Die Zeitung führt jedoch auch ein gegenteiliges Beispiel an: den Verein Medix Schweiz. Mit 800 Ärztinnen und Ärzten und zehn eigenen Gesellschaften sei er das grösste Netzwerk der Schweiz. Dessen Präsident Felix Huber findet Pharmasponsoring «stossend» und machte klar:
«Wir nehmen keine Gelder an und wollen unabhängig sein. Ich will nicht in der Schuld der Pharmaindustrie stehen. (...) Wir brauchen dieses Geld nicht, wir können uns anders finanzieren.»
Keine Kontrolle
Brisant: Laut dem Beobachter gibt das Bundesamt für Gesundheit (BAG) zu, die von der Pharmaindustrie seit acht Jahren veröffentlichten Daten bisher nie selbst analysiert zu haben.
Die Zeitung geht am Ende des Beitrags näher auf den rechtlichen «Graubereich» von Sponsorengeldern ein. «Geldwerte Vorteile» seien zwar grundsätzlich untersagt, doch das Gesetz ermögliche Zahlungen unter bestimmten Voraussetzungen. Diese seien gegeben, wenn die Gelder nicht an Bedingungen und Auflagen geknüpft seien, um das ärztliche Verschreibungsverhalten zu beeinflussen. Zudem müssten Gegenleistungen der Begünstigten in einem «angemessenen Verhältnis» stehen.
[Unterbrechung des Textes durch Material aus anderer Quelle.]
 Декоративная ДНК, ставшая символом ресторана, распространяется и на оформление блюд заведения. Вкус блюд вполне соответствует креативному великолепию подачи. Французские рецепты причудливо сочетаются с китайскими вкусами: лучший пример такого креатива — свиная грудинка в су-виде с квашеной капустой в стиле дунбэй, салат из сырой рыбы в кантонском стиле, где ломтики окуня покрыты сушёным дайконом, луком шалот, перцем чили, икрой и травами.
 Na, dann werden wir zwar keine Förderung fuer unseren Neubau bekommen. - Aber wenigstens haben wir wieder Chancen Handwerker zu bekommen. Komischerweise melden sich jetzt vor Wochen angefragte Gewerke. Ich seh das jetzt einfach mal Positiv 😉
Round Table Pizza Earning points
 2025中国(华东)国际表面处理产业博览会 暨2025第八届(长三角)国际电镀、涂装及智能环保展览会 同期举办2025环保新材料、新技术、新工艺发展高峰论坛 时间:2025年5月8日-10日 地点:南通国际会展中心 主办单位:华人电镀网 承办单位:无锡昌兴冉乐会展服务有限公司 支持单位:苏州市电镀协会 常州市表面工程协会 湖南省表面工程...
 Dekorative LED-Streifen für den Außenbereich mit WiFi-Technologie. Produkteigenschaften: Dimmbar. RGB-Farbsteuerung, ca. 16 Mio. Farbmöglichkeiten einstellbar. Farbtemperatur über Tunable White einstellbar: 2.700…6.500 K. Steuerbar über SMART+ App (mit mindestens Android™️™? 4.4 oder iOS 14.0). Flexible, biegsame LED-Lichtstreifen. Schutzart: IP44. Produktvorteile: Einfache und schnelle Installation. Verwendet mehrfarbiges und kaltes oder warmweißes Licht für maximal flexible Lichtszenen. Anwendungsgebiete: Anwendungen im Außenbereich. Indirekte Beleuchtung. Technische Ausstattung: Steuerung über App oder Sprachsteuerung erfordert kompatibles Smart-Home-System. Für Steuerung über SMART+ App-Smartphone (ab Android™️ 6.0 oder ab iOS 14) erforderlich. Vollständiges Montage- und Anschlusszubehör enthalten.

Der Beobachter weist auf zwei neue Artikel im Heilmittelgesetz hin, die 2020 in Kraft getreten sind. Diese sollten die Integrität und Transparenz stärken. Es sei jedoch unklar, wie das BAG die neue Gesetzgebung kontrolliere. Bis heute habe die Behörde kein einziges Verwaltungsstrafverfahren eröffnet.
Es sei auch unklar, ob das BAG überhaupt über ein Prüfprogramm verfüge und zumindest stichprobenartig Verträge zwischen Ärzten, Ärztenetzwerken, Krankenhäusern und der Pharmaindustrie untersuche. Wegen der Pandemie seien gemäss BAG «gewisse Aufgaben etwas zurückgestellt» worden, man habe jedoch «Vollzugsstrukturen» aufgebaut. Ivo Meli, beim Konsumentenschutz für Gesundheitsthemen verantwortlich, erklärte:
«Eine wirksame gesetzliche Regelung bedingt auch eine Kontrolle.»